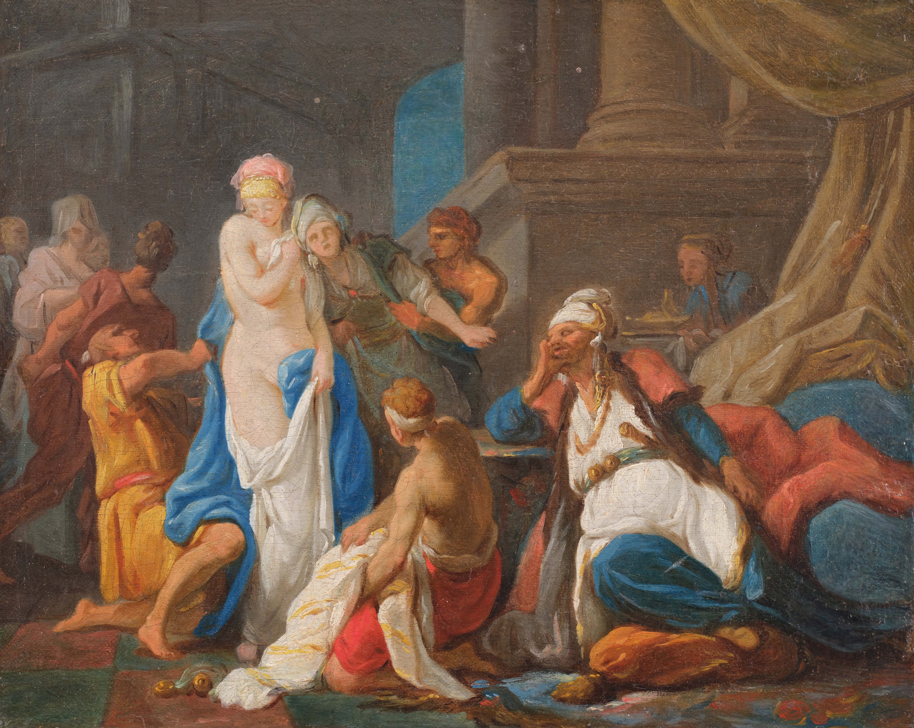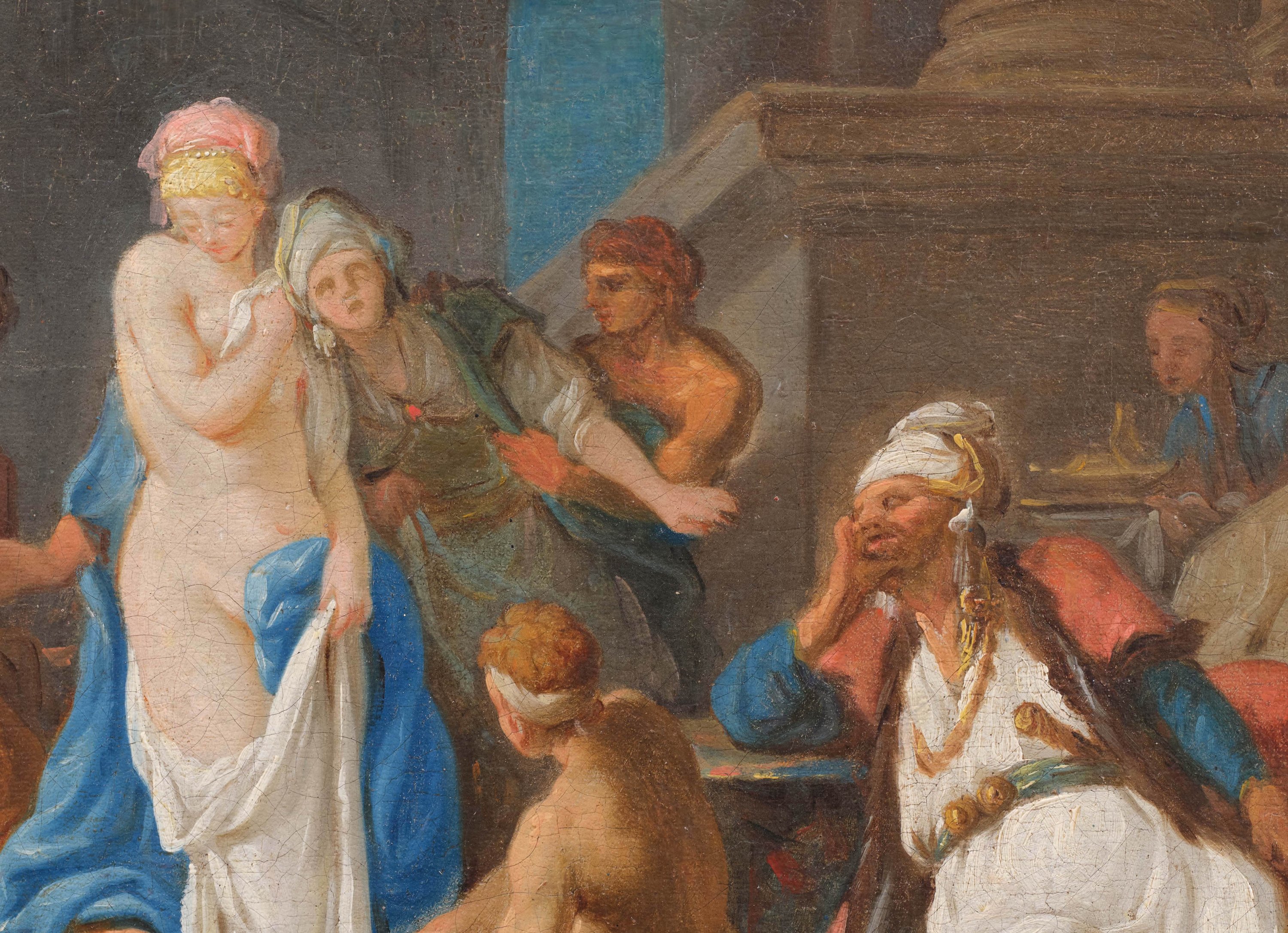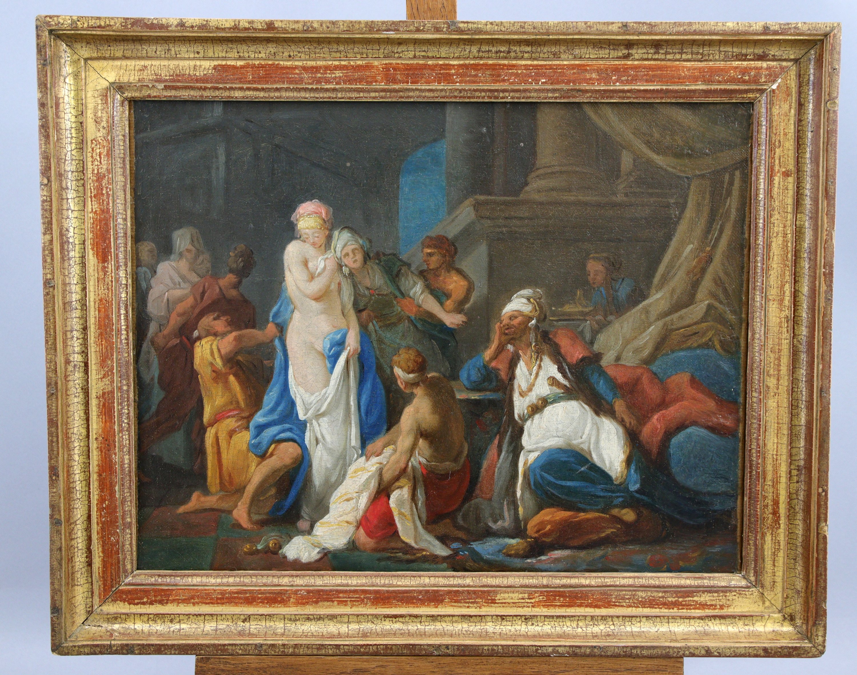 Attributed to Blaise Nicolas Lesueur. A painting of a sultan in his harem. In a giltwood frame.
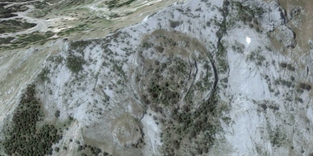 Im Höhlenthema hatten wir schon "Shpella e Shkrutar" bei Lepenica am Wickel. Nicht weit davon - über dem Nachbardort Brataj auf etwa 1.400 Meter Höhe - leistet sich die Natur im Karst eine kuriose Rundung mit drei ineinander liegenden Ringen. Der Durchmesser beträgt etwa 150 Meter. Das ist ein offizielles Naturdenkmal. Wer hat schon mal etwas ähnliches gesehen ?
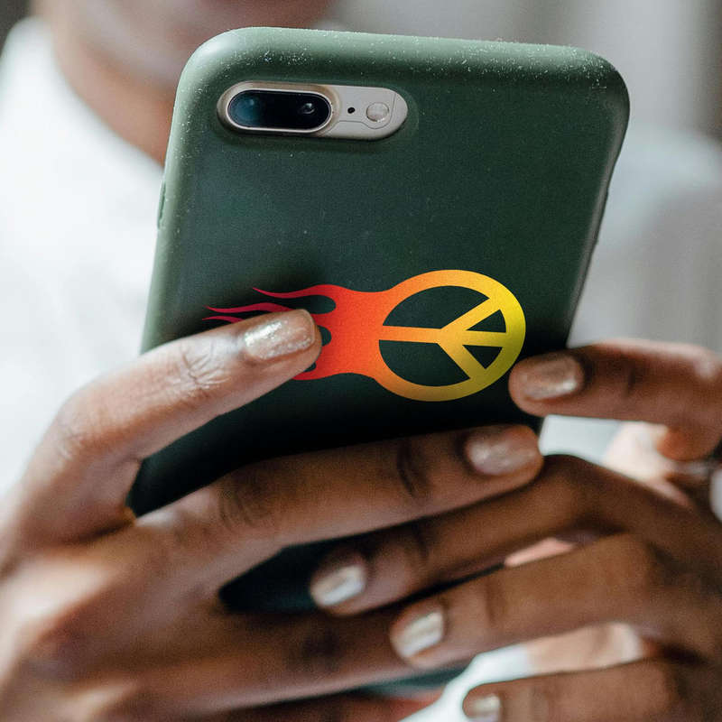 Express your passion for peace and individuality with this peace sign flame sticker, featuring a stunning gradient from red to yellow. The unique design combines the timeless peace symbol with dynamic flames, making it a vibrant addition to cars, laptops, and more. Crafted from high-quality vinyl, this decal is durable and weather-resistant, suitable for both indoor and outdoor use. It’s easy to apply and remove without leaving any sticky residue. Available in multiple sizes, this sticker is ideal for anyone wanting to make a bold yet harmonious statement with a retro twist.

* [Exercise objective]: Give back the material word for word, without images.

* [Your solution]:
 Attributed to Blaise Nicolas Lesueur. A painting of a sultan in his harem. In a giltwood frame.
 Im Höhlenthema hatten wir schon "Shpella e Shkrutar" bei Lepenica am Wickel. Nicht weit davon - über dem Nachbardort Brataj auf etwa 1.400 Meter Höhe - leistet sich die Natur im Karst eine kuriose Rundung mit drei ineinander liegenden Ringen. Der Durchmesser beträgt etwa 150 Meter. Das ist ein offizielles Naturdenkmal. Wer hat schon mal etwas ähnliches gesehen ?
 Express your passion for peace and individuality with this peace sign flame sticker, featuring a stunning gradient from red to yellow. The unique design combines the timeless peace symbol with dynamic flames, making it a vibrant addition to cars, laptops, and more. Crafted from high-quality vinyl, this decal is durable and weather-resistant, suitable for both indoor and outdoor use. It’s easy to apply and remove without leaving any sticky residue. Available in multiple sizes, this sticker is ideal for anyone wanting to make a bold yet harmonious statement with a retro twist.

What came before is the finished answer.